30 September 2014

LE STALKER

So I had a strange call from my friend Troy the other day.

A couple of months ago, The Gays and I flew to Switzerland for our friend Troy's birthday. A whole weekend of debauchery ensued and we put to bed the idea that nothing fun ever happens in Switzerland.

Well, at least when we're there.

The weekend culminated in a visit to the gay night at a normally straight bar for further debauchery that concluded with me pashing a local, and although the details are blurry, I was frog marched back to his apartment where we rolled around for a while in the vain effort of getting each other off.

Let's call him Le Stalker for reasons that will become apparent.

Anyway it was mid way through our frisson that I started to sober up. It was also mid way through our frisson that I realised Le Stalker wasn't really for me. To put it mildly, I chewed my arm off in preparation for the morning.

Suddenly my phone rang and as if hearing my plea, one of The Gays, Andy, had gotten lost on his way home and needed me to come find him. I apologised to Le Stalker and asked if he could help locate him.

Well as though Le Stalker had received a laureate in finding people, he sprung into action and immediately located Andy with a series of questions that even Andy in his fucked state could answer. I was like, "Just send a drop pin." But anyway.

We found Andy, I thanked Le Stalker, hailed a cab, gave him a peck, asked him to translate to the driver where we were going and got the hell out of dodge.

Andy apologised for cutting my orgasm short and I thanked Andy for cutting my orgasm short.

The whole gang flew back to London and got on with our respective lives.

Then Troy called.

"Hi Troy how are you?"

"I'm good. Erm I don't know how to say this other than I've got a letter for you."

"What?"

"I have a letter for you.

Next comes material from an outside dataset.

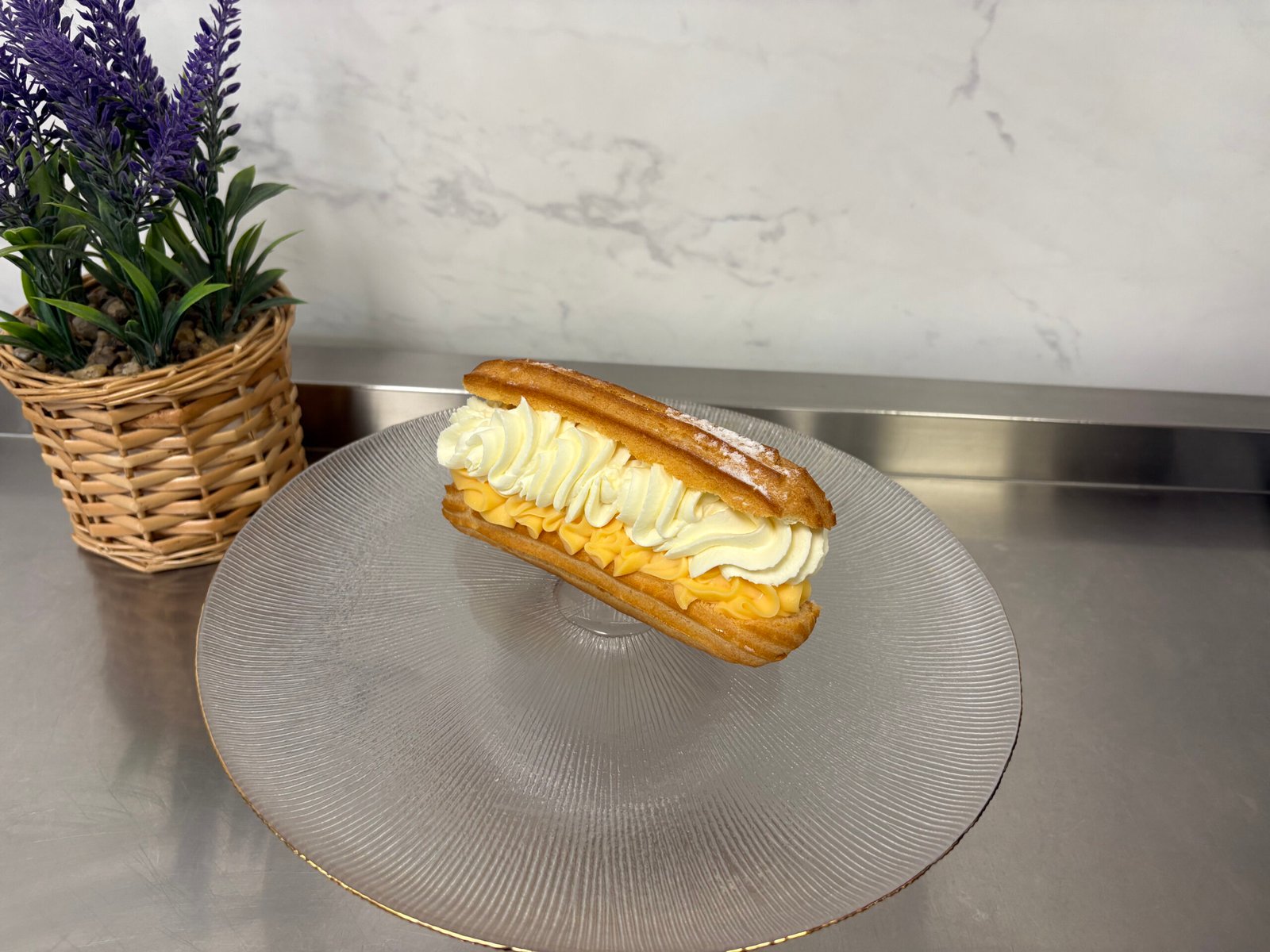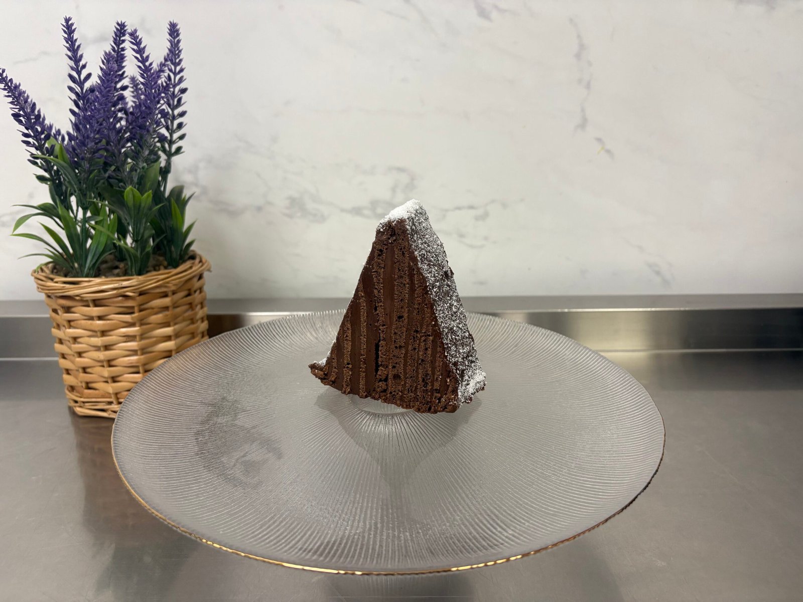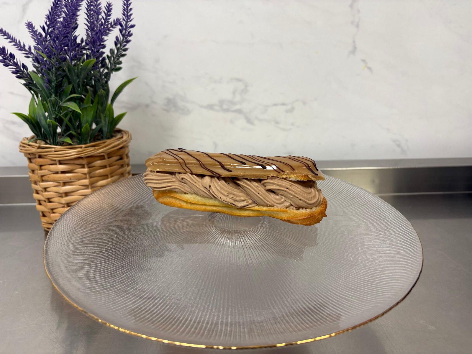 Blat umed de cacao, mousse de ciocolata cu lapte si neagra, choux-uri umplute cu crema de vanilie.

It's from Le Stalker*."

"Who?" I sat up on my couch running a mental rolodex.

"Le Stalker the guy you met when you came to Switzerland?"

"Huh?"

"Well the letter is actually addressed to me. Let me read it to you: Dear Troy, first of all, I'm very sorry to have hounded you down (took a while since May) Laurence gave me his number - I've had a bit of a problem with it; or perhaps there hasn't been a problem with it. In any event, could I ask you to thank him for what was for me a very special evening. Hounding stops here. Sincerely, Le Stalker**."

"Oh thank God. I thought this was going to be one of those, 'I've just gotten back from the clinic - you should really get yourself checked out' kinda messages. Ermagod, is Le Stalker stalking me?" were my thoughtful responses.

"Well, technically I think Le Stalker is my stalker," said Troy.

"Yes that is true. Sorry."

"The thing that I wanna know is how did he find my address AND my name?"

"Well I told him your address so he could tell the cab driver where to take us, he's obviously committed it to memory, but that doesn't explain how he knows your name," I said.

"And what does he mean 'having a problem with your number'?" asked Troy.

"Well I gave him my number. I'm sure I gave him the right number. I haven't had any missed calls or odd phone calls from Swiss men teeing up another 'special evening'."

He can memorise where Troy lives, find out his first and last name, but cracking international dialling codes are beyond him. He's not as committed to the stalking lifestyle as I thought.

"The thing is, even if you wanted to get in contact, he hasn't left any return address or number in the letter," said Troy. "Essentially it's a thank you note."

"Well that's good. At least I don't need to feel guilty about not getting in contact with him."

"What on earth did you do to him?" laughed Troy.

"I don't know!"

I have to say, it really wasn't that special. I made a few advances into the groinal area. He tried to stick it in to which I called halt to. Then Andy called. It was hardly anything to write home about. Or to a virtual stranger for that matter.

"Well it sounds like his whole life was leading up to this moment. I think it's really romantic."

"Er no. I think whether a grand gesture is deemed romantic or stalky is dependent on how attractive you find the other person. I don't find him attractive, ergo on a scale of 1 to creepy, this is Dame Judy Dench in Notes on a Scandal creepy."

"Why is it that it's never the hot guys who stalk you, Laurence?"

"Because they don't have to! They're the ones being stalked! And if they aren't being stalked, there are so many up to the minute options that mean the rest of us are one text, one Instagram like, one Grindr DM away from being bumped for a hotter guy. When will it ever be an equal amount of stalking from both concerned? Is it too much to ask that I get stalked as much as I stalk them?"

"You're right! Just don't put that in your Grindr profile."

*Le Stalker was not called Le Stalker until the writing of this blog post.
** Le Stalker does not know that his name is Le Stalker, although judging by the aforementioned efforts, he does.